Sunday, February 12, 2012

Disney

     We just returned from a vacation to Disney World.  It was a much needed getaway.  Brady and I spent two days together swimming and visiting downtown Disney while Chad sat through some business meetings.  Later, the three of us went to Magic Kingdom and Animal Kingdom.  It was Brady's first trip to Florida.   He was a great traveler!
  
  During our trip,  I couldn't help but notice all of the families with multiple children very close in age and think that should be us!  Although I tried to ignore  my feelings while I was there, they are catching up with me today.  I long to have a baby in my arms and it is during these times, I am thankful that I can pick up my sweet Brady and hold him tight.  Without him, I would be drowning in sorrow.

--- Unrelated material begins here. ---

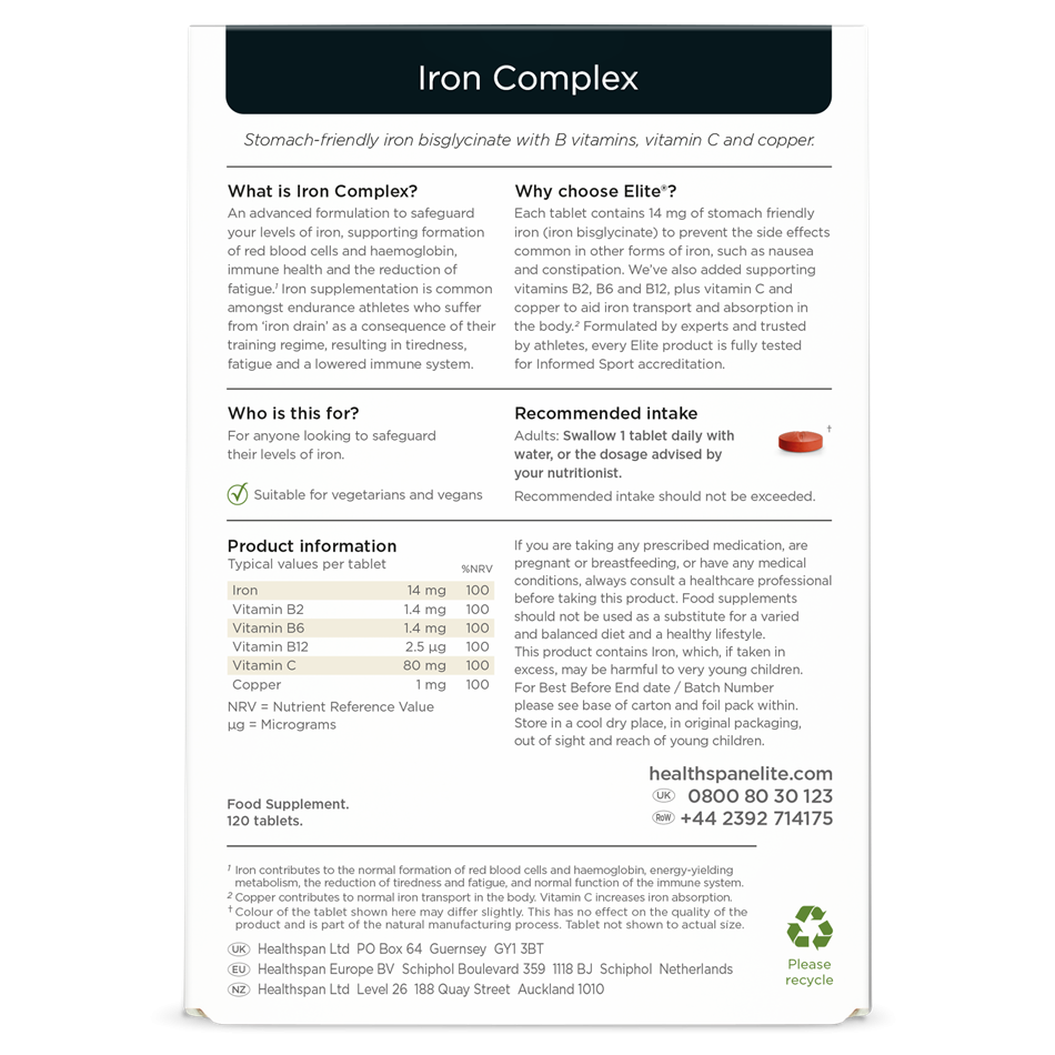 Healthspan Elite Iron Complex, Healthspan Elite, 120 tabs

Wednesday, February 1, 2012

Gifts Through Grief

Monday was my third time going to a support group.  It consists of me and two other ladies.  Because it is through a church,  the facilitator ties in scripture to what we are experiencing.   This past week, they opened my eyes to three gifts.
1.  After my sister lost her second child to an umbilical chord accident, I was extra cautious during my pregnancy with Jordan.  During the pregnancy, I did not get overly excited about baby 2.  I always had a thought in my head that something similar would happen to me.  I did not organize a nursery,  I did not get the double stroller out of its box, and I did not put the infant car seat into the car.   All of which are out of character for me.  I am normally very organized and make sure everything is ready in advance.  Maybe that was God's way of helping me through.  I didn't have to come home to a house full of baby items set up throughout the house.
2.  A few months prior to my delivery, I was at Bunco with some neighborhood ladies.  During our break, one particular lady and I struck up a conversation.  She told me about her family and that they own a funeral home downtown. I had asked her how many children she had and she went on to tell me she has four living children and one in heaven.   She felt comfortable telling me the story about her son and I listened with heart ache.   Knowing her story and her family business, I immediately got in touch with her after the loss of Jordan.  Not only was she a valuable resource about grief, but she and her husband also took care of Jordan at their funeral home at no cost!!   People definitely come into your life for a reason!
3.  The last gift was given to me at the hospital.   It was hard being at the hospital where I delivered and not with Jordan at Children's, but it was a gift in disguise.  I was full of hope for Jordan during the days we spent apart.   I had a strong feeling that he would pull through and we would be taking him home soon.   Because he was alive, yet struggling, I was pushed to stay positive.   Even though he did not make it long enough for me to see him alive, I truly believe that he kept fighting long enough for me to be discharged.  Had he passed during my stay at the hospital, I probably would have been more of a wreck! Being in the maternity ward with a bunch of new moms and new babies is totally different when you are a new mom without a new baby!